His judgment, a burden I no longer bear,
As I rise above, shedding the weight of despair.
Chorus:
Estranged? Is that more palatable than disowned?
A heart torn asunder, left to wander alone.
In this sea of estrangement, I long for connection,
But the tide of rejection engulfs my reflection.
Bridge:
Through the chords of sorrow, I find my release,
In the healing power of self-belief.
No longer defined by his hurtful decree,
I'll create my own path, and I'll be free.
Chorus:
Estranged? Is that more palatable than disowned?
A heart torn asunder, left to wander alone.
In this sea of estrangement, I long for connection,
But the tide of rejection engulfs my reflection.
Outro:
In the echoes of silence, I'll find my way,
Strength and resilience, guiding me day by day.
For the scars of the past, I'll learn to let go,
As I embrace a future where my spirit will grow.
Dave replying in the comments.
Danielle Muscato
David R. Whitlock correct.

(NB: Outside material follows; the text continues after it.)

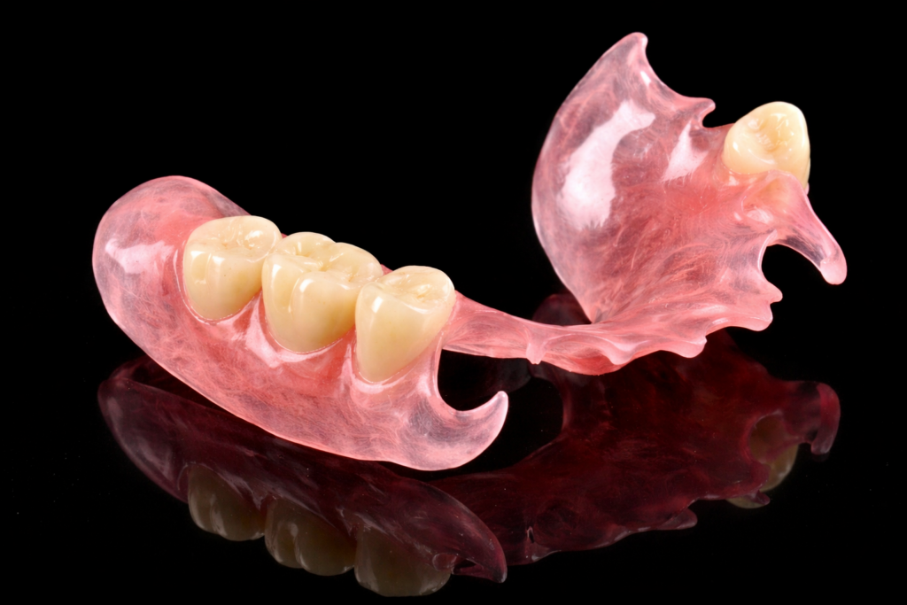 Flexible dentures are removable partial dentures made from thermoplastic materials instead of rigid acrylic. They are lightweight, flexible, metal-free, and highly aesthetic, allowing the denture to blend naturally with the gums while providing better comfort and a secure fit.

I've been asking to meet with my parents to talk and try to work this out for 6 months and they have refused, even with their attorneys present, even over video chat.
Translation: I've been trying to extort my parents for 6 months and they refuse to speak to me. I continue to harrass and slander them both online and in person and nothing works.
 
I used to think Muscato wouldn't have the guts to actually hurt anyone physically, but if the drug use accelerates or isn't fed enough I wouldn't be surprised if something real bad happened to someone.
if his parents were stupid enough to let him back into their lives i could definitely see him hurting (or trying to hurt) a family member in one of his histrionic tantrums.

out in the real world i think he's mostly a threat to himself... even the frailest transphobe could fend him off. it's only in the psychic pressure-cooker of the family home i think he could reach the necessary temperature
 
if his parents were stupid enough to let him back into their lives i could definitely see him hurting (or trying to hurt) a family member in one of his histrionic tantrums.

out in the real world i think he's mostly a threat to himself... even the frailest transphobe could fend him off. it's only in the psychic pressure-cooker of the family home i think he could reach the necessary temperature
Considering how much he hassles them about money he feels entitled to and keeps 'running into' them in public, maybe it's close to that snapping point.